На другой день начался этот самый отбор. Нам выделили поляну за лагерем, все командиры сидели на скамье, покрытой красным бархатом. Приехал даже важный бургомистр, ещё какие-то местные шишки и с ними — целый цветник щебечущих барышень, на которых мы взирали с жадным любопытством, капая слюной, а они как будто бы не замечали наших жадных, призывных, вожделенных взглядов: кабацкие шалавы нам изрядно приелись, и хотелось бы ягодок посвежее…
— Оп-ля! — присвистнул я. — Кто к нам приехал… Узнаёшь?
— Да я его в первый раз в жизни вижу! Важный гусь…
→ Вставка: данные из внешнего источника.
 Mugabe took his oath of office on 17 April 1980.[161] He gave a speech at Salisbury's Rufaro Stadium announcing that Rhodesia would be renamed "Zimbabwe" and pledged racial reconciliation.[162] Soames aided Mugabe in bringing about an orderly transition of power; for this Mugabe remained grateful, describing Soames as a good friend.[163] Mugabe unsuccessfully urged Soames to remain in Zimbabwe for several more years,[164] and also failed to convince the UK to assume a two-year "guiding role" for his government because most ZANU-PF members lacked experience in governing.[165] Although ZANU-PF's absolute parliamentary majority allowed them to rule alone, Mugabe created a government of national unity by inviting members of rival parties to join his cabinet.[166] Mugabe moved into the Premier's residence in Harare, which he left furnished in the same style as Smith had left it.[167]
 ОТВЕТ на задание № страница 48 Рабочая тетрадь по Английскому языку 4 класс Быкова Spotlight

— Да я не об этом. Ты карету узнаёшь?
— ???
— Это ведь на ней тот самый хмырь ехал…
— !!!..
— А ОН умеет выбирать себе друзей…
Бургомистр о чём-то заговорил с командиром полка, а кисейные барышни стояли кучкой в сторонке, прикрываясь от солнца белыми зонтиками. Их мужчины прогуливались кругами, ведя меж собой светские беседы и покуривая трубочки. Вся эта компания явно составляла местную элиту, и все они хорошо друг друга знали.
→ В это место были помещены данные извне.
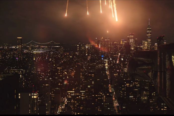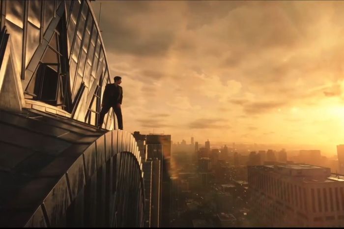 In another scene, we see shadowplay on a skyscraper. There’s some CGI work muddying the waters here, but I am pretty sure this is one of the postwar towers of Rockefeller Center, on the west side of Sixth Avenue. It appears to be a flipped image of 1211 Avenue of the Americas—which is the headquarters of News Corporation and home of the Fox News Channel. More crumbling-empire resonances, clearly, plus some tacit media criticism.

Очень скоро стало понятно, почему к нам заявилось столько гостей: Лейтенант устроил попарные состязания между претендентами. В этих местах, удалённых от столицы, развлечения были нечастыми гостями, и аристократия не могла упустить такой великолепной возможности. Простой народ тоже притащился поглазеть, но поле загородили невысоким заборчиком, поставили охрану, и работяги смотрели на нас издалека.
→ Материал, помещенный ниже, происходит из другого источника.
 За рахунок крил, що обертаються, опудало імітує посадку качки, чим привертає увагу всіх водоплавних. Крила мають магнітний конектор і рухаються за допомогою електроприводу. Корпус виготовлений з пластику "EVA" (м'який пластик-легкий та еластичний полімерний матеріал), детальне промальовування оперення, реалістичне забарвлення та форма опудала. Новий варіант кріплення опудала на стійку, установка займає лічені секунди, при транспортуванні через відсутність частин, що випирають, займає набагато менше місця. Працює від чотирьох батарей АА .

Мне достался громила — настоящая ходячая картина «дикий варвар»: могучая шея, бритая голова, лицо в шрамах и с торжествующей ухмылкой. Само собой, у него имелся обоюдоострый топор, которым тот поигрывал, как невесомой игрушкой. Густая борода и вонючая безрукавка. Э, погоди, как так — топор?!! Мы тут что, будем играть с боевым оружием?!!